Sounds like you have binary use/no-use variables for each drug and for many drugs also QF information. LCA can handle within-class correlations, although with binary variables it is hard to estimate a model where there are many of these; it is easier with continuous outcomes.

I wonder if a 2-part mixture model is relevant here; this is often useful with strong floor effects (many zeros). In your context 2-part modeling would consider - for each drug - a variable that has one binary part indicating if the drug is used and another continuous part indicating much it is used. For the second part you could multiply Q and F into a continuous amount variable. You can then have a mixture model for each of the 2 parts analyzed simultaneously. The 2 parts are typically strongly correlated. This modeling can be done in Mplus and we have some positive experiences with it.

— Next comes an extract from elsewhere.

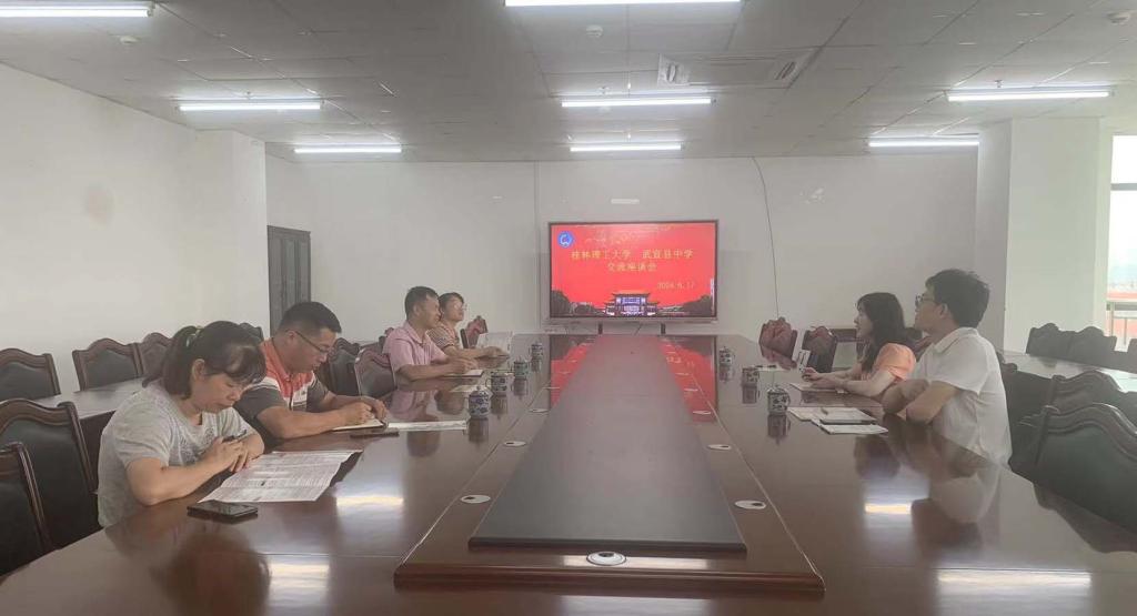 武宣中学副校长朱观添对马华菊副校长一行的到来表示热烈欢迎,介绍了武宣中学办学历史、办学理念、师资队伍建设和近年来取得的教育教学成绩,对桂林理工大学近年来的对武宣中学招生工作表示感谢。。

Tom Hildebrandt posted on Monday, December 27, 2004 - 5:35 pm

Thank you Dr. Muthen for the suggestion. Let me give you a bit more detail to make sure that this would work. The data is as follows:

3 steroids taken orally (binary use/no use for each drug)
Quantity of oral steroids
Frequency of oral steroids

7 steroids taken through injection (binary use/no use for each drug)
Quantity of injectible steroids (continuous)
Frequency of injectible steroids (continous)

1 over the counter fat burning drug (binary use/no use)
Quantity of OTC fat burner (continuous)
Frequency of OTC fat burner (continuous)

3 illegal fat burning drugs (binary use/no use for each drug)
Quantity of each fat burning drug (continuous)
Frequency of all illegal fat burning drugs (continuous)

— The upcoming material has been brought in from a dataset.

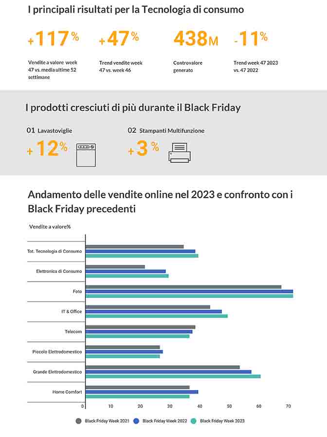 Per questo perimetro di prodotti, durante la settimana del Black Friday 2023 è stato generato un controvalore pari a 438 milioni di euro.

It seems as though this data would make the 2-part mixture model a bit more complicated as we don't have Q and F for each individual drug. Would the 2-part mixture model still be possible and could you suggest an example?

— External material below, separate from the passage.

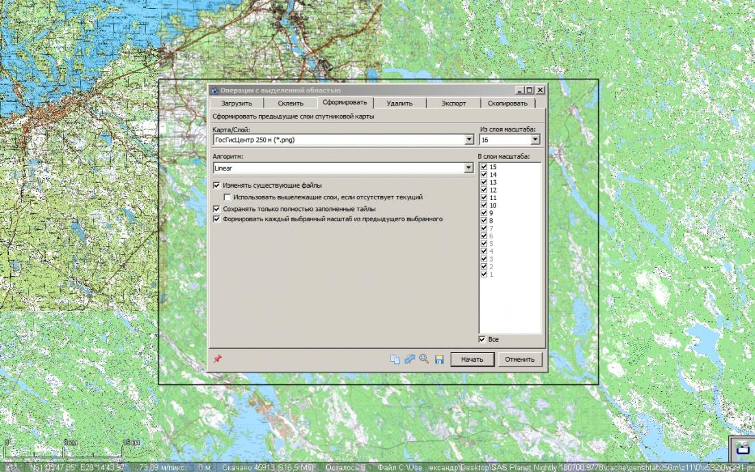 vaterpahk, чтобы загрузка проходила как можно быстрее, всегда выкачивается только один, максимально крупный масштаб тайлов карты. Для карты ГГЦ 250м (*png) максимально крупный масштаб тайлов на сервере = 16. Нижестоящие нужные масштабы формируются уже локально программой Сас-Планет. Вышестоящие же масштабы искусственно формировать никакого смысла нет, по сравнению с максимальным масштабом информации не прибавится, картинка испортится и в геометрической прогрессии возрастёт общее число локальных тайлов.

bmuthen posted on Monday, December 27, 2004 - 5:46 pm

That data structure makes it more complex. I wouldn't throw all the variables in one LCA analysis, 2-part or not. You can always simplify. One way is to analyze only the 14 binary variables by LCA; that can be informative in itself. Another is to do 2-part LCA with 4 variables, where the binary variable is "any oral", any injection, any legal fat burning, and any illegal fat burning.

Tom Hildebrandt posted on Thursday, December 30, 2004 - 3:30 pm

Thank you for the advice again. I have run the 14 binary indicator LCA and am happy with the results. I wanted to try the 2-part mixture model as you suggested though, to see if adding the quantity and frequency variables add interesting information. Is there an example that you could recomend?

Also, would it be possible to allow Q and F to correlate within class using this model instead of combining them into a single variable? I believe that there are those who use have a High Q and Low F, High Q and High F, Low Q and High F, Low Q and Low F for each of these drugs and think that creating a combined QxF variable would mask these groups.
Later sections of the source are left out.